Chapitre 913/106186%~7 min de lecture1 323 mots

Le roi du royaume de Deuseroda, Deuseroda Hilt Bure, parcourut la missive envoyée depuis Hidêta en caressant sa barbiche.

Déjà parvenu à un âge avancé, sa barbe et ses cheveux soigneusement entretenus laissaient paraître du blanc, mais l'éclat perçant de ses yeux était demeuré celui de sa jeunesse, et son allure respirait une santé robuste. En réalité, ce roi n'avait jusqu'ici contracté aucune maladie notable ; bien au contraire, il tenait auprès de lui de jeunes femmes pouvant être ses petites-filles, les caressant jour et nuit. Il nourrissait une conviction : garder de jeunes femmes à ses côtés permettrait de conserver sa jeunesse — une croyance transmise de tout temps dans ce pays —, et il y croyait sincèrement.

À peine venait-il de passer un moment intense avec sa favorite qui fêtait ses vingt ans cette année. S'il n'avait pas été appelé par son chambellan, il était certain de pouvoir prolonger encore bien des heures. Le roi repensa un instant à l'étreinte d'à l'instant.

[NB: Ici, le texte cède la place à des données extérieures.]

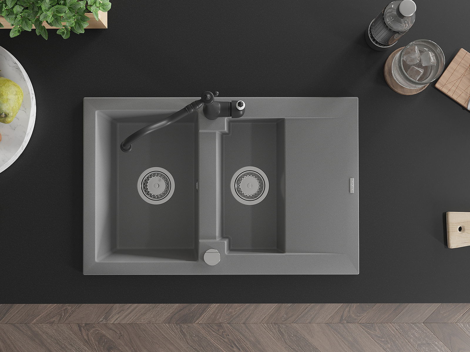 Il lavello è realizzato in granito di alta qualità. Rappresenta un complemento elegante e, soprattutto, pratico per ogni cucina, indipendentemente dal suo stile. L'alta qualità e la durata del granito garantiscono un utilizzo che dura per molti anni.

« Ô… grâce à toi, je peux encore me battre en mâle. L'armée de Nerufu d'Alre, je la balayerai d'un seul coup ! »

Tandis qu'il assaillait avec fougue ce corps frêle, semblable à celui d'une jeune fille, enfonçant ses doigts dans cette peau élastique, le temps passé à écouter la voix sensuelle de sa favorite, qui semblait retenir quelque chose, était ce que le roi aimait par-dessus tout.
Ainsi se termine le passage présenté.